We use the official cocoeval for evaluation, the code for it is available at: https://github.com/cocodataset/cocoapi/blob/master/PythonAPI/pycocotools/cocoeval.py
There you can search for ‘score’ key and check how it is being used for evaluation purposes,
If you observe though scores are not used in the calculation formulae but it’s used for the purpose of sorting.

2 Likes

@nikhil_rayaprolu - thanks for the answer!
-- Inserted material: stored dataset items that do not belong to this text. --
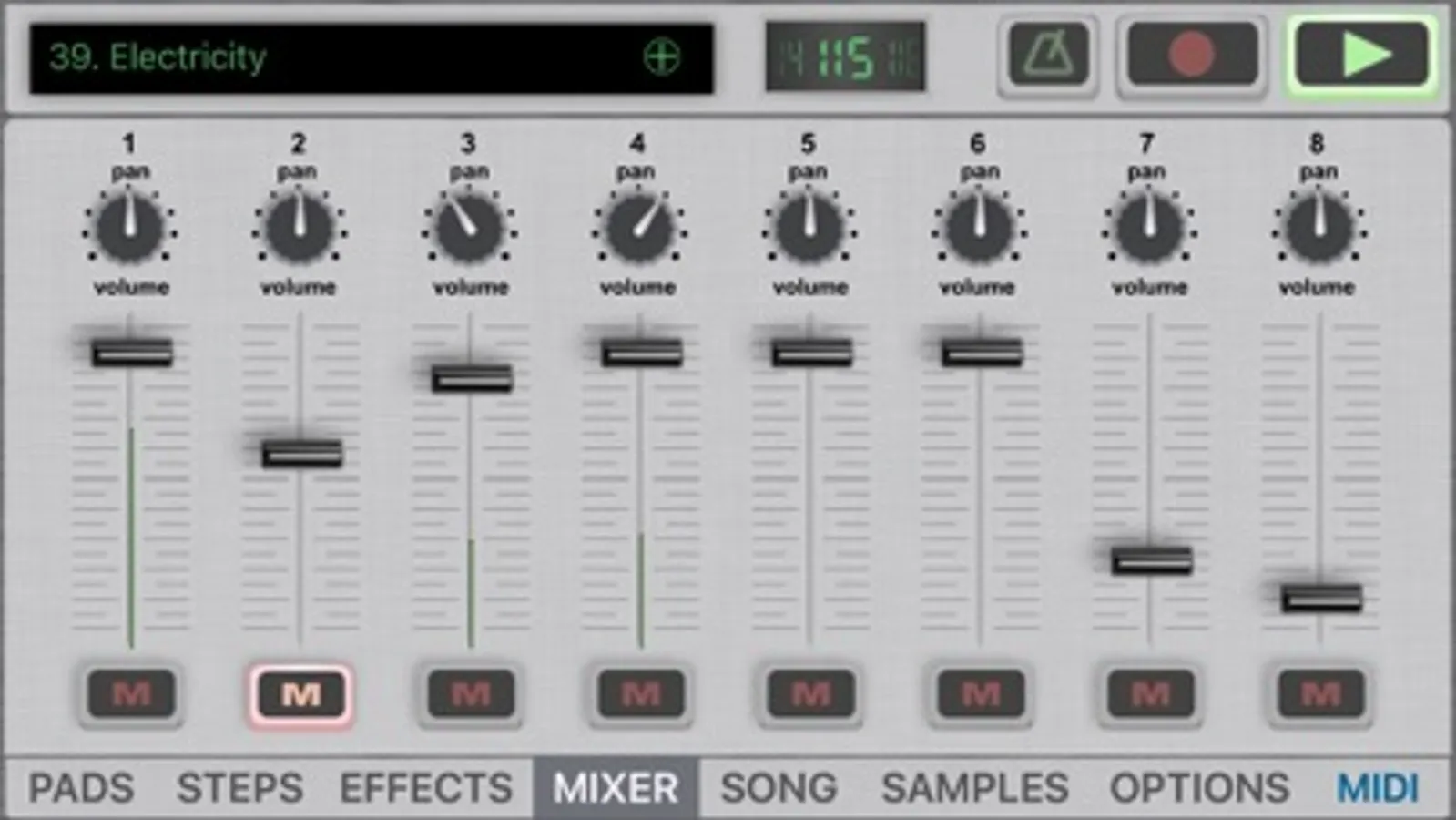 – 8 channel mixer with volume control and mute/solo for any individual instrument
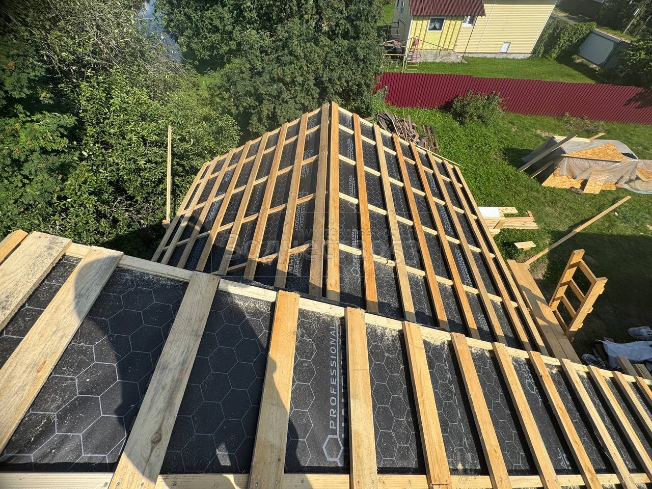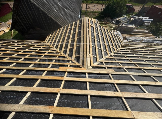 - Обрешетка крыши : обрезная доска
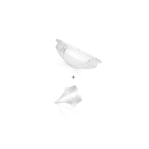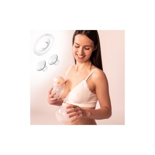 Dzięki temu dopasujesz rozmiar lejka do swojej brodawki. Części te są wykonane z miękkiego silikonu, więc nie podrażnią Twojej skóry.
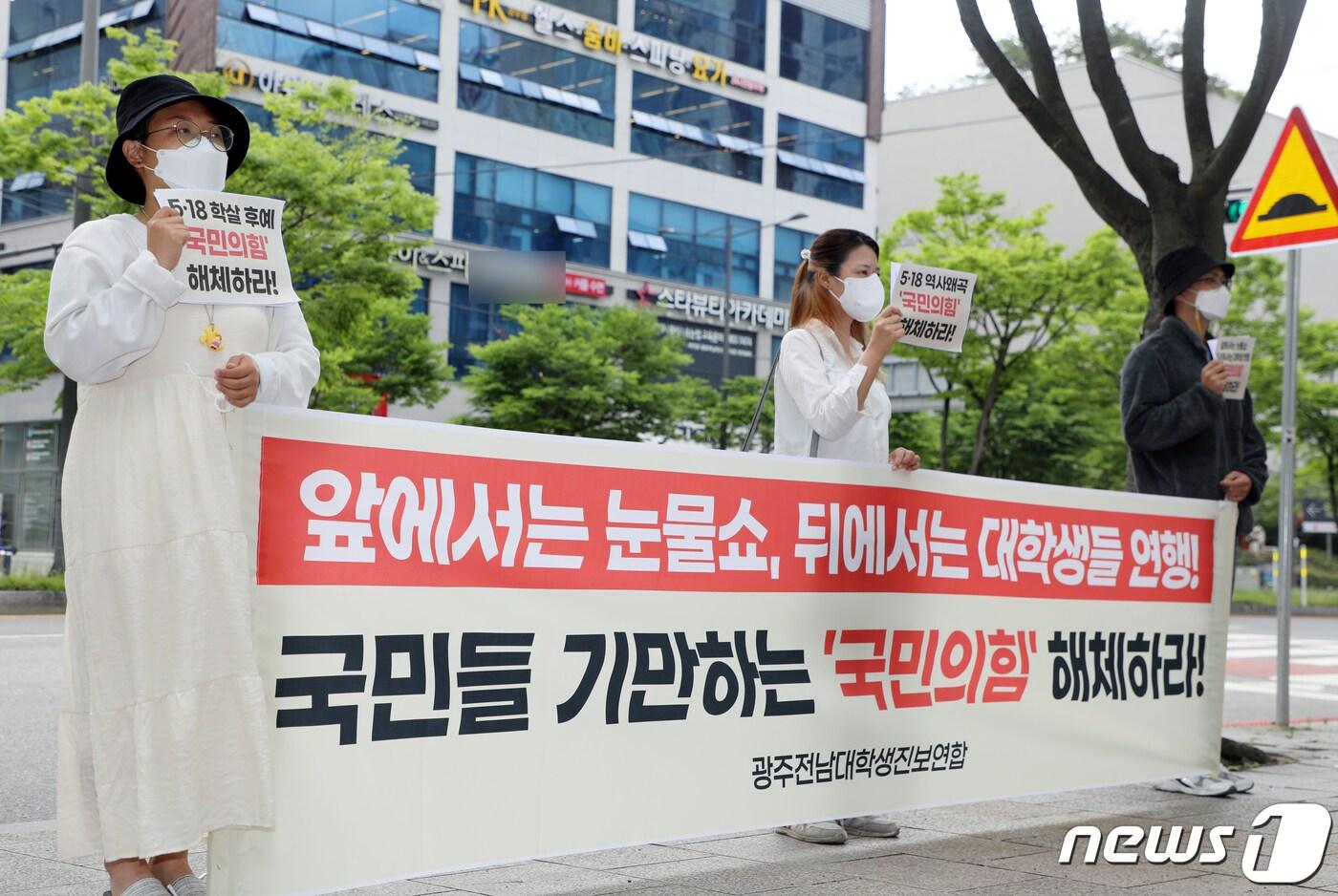 광주전남대학생진보연합 학생들이 21일 오전 광주 서구 치평동 국민의힘 광주시당 당사 앞에서 기자회견을 열고 정당 해체를 요구하고 있다. 2021.5.21/뉴스1 ⓒ News1 이수민 기자
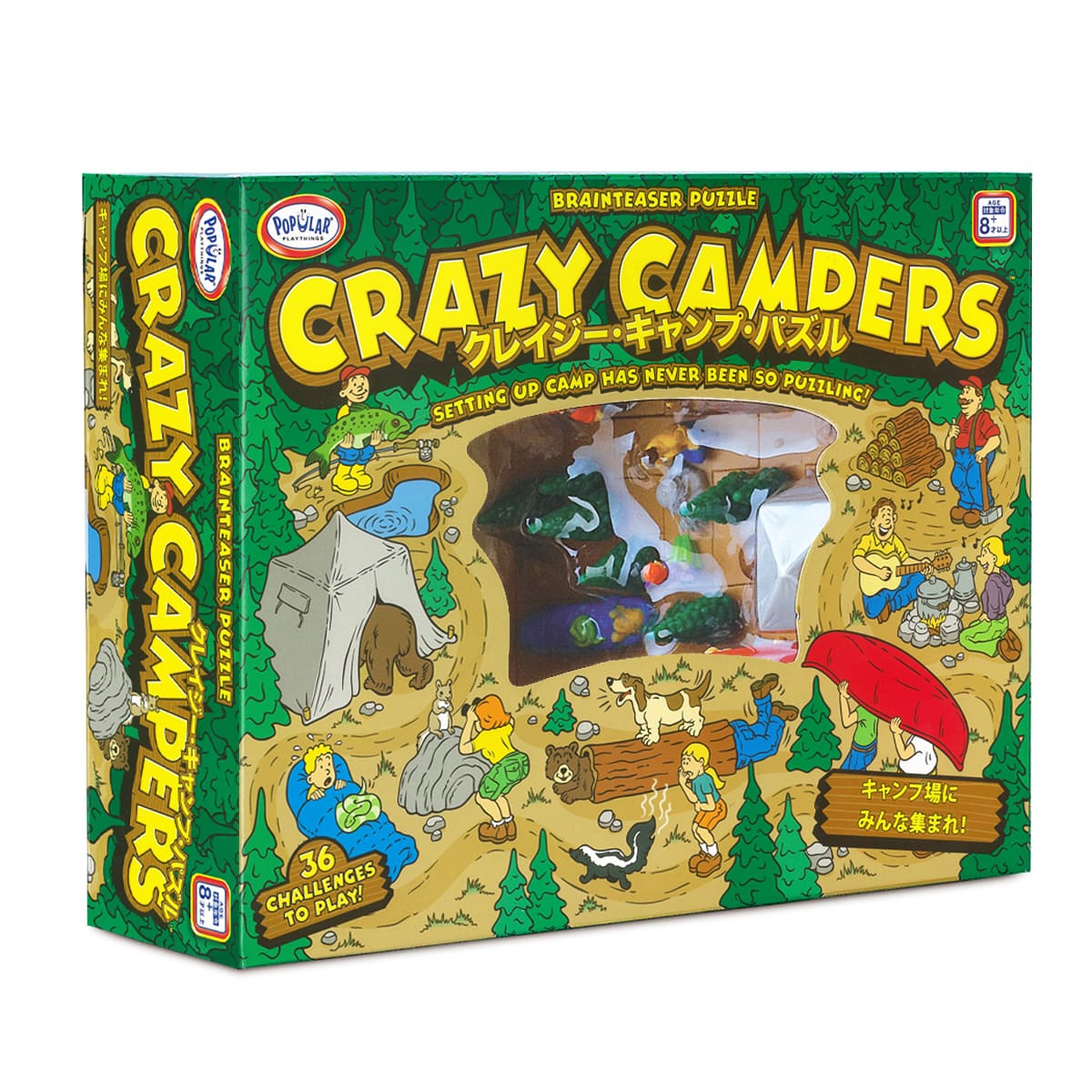 11ピースのユニークなキャンパー達の型はめパズルです。異なる形のピースをつなぎ合わせ、1枚の土台にはめこみキャンプ場を完成させましょう。
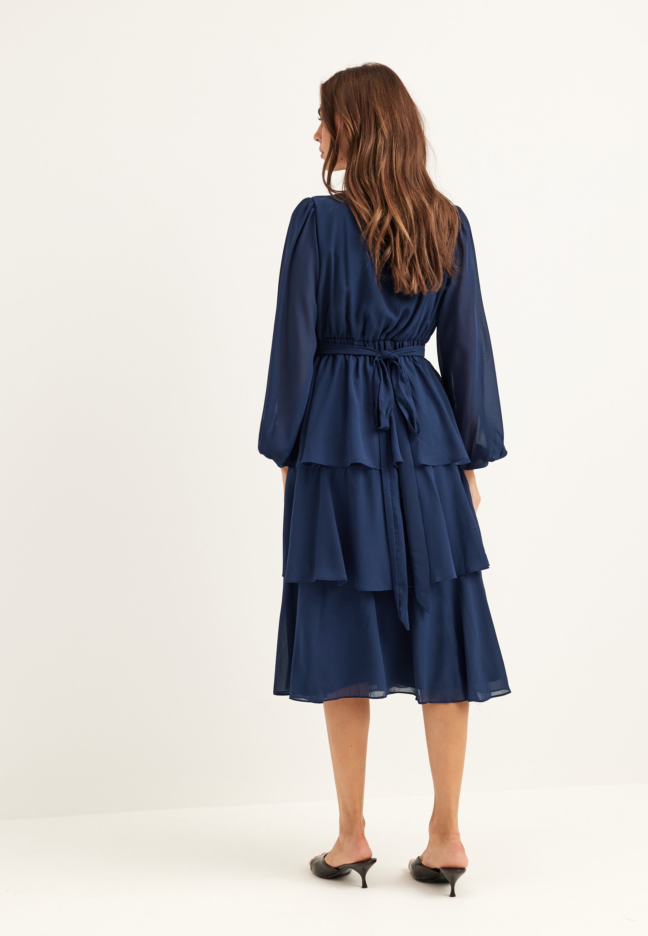 This long sleeve tiered midi dress is an easy choice for weddings, parties, and dressier dinners when you want something feminine, flattering, and comfortable to wear for hours. The deep V-neckline, softly draped skirt, and rich navy tone give it a polished look, while the tiered shape adds movement that really comes to life as you walk.

Interesting, so the ‘score’ field is used only to sort the predictions by their confidence.

The way I do the classification requires the annotations to be in a pixel map format (so an image where each pixel’s value is a numerical value, corresponding to a food category). This means two things:

  1. For the ground truth, I convert the annotations to label images where I have only one “prediction” per pixel. So there’s no ‘score’ field left there.
  2. Similarly, the output of my model is a label image, where each pixel is labelled with the food category with the top confidence. Since I disregard all the lower-confidence predictions, I’m again left with only one prediction per pixel - no ‘score’ field here either.

So in my case, would it make sense if I would just assign a 1 to the ‘score’ field, since it’s used only to sort the predictions? Would the fact that I’m not saving lower-confidence predictions in any way make me lose accuracy (precision or recall)?

Sorry for the confusion - I just want to make sure I’m doing this properly. :slight_smile:

Just a quick FYI - I’m currently using another approach (started off with the MMDetection baseline submission and modified it), so this is no longer needed.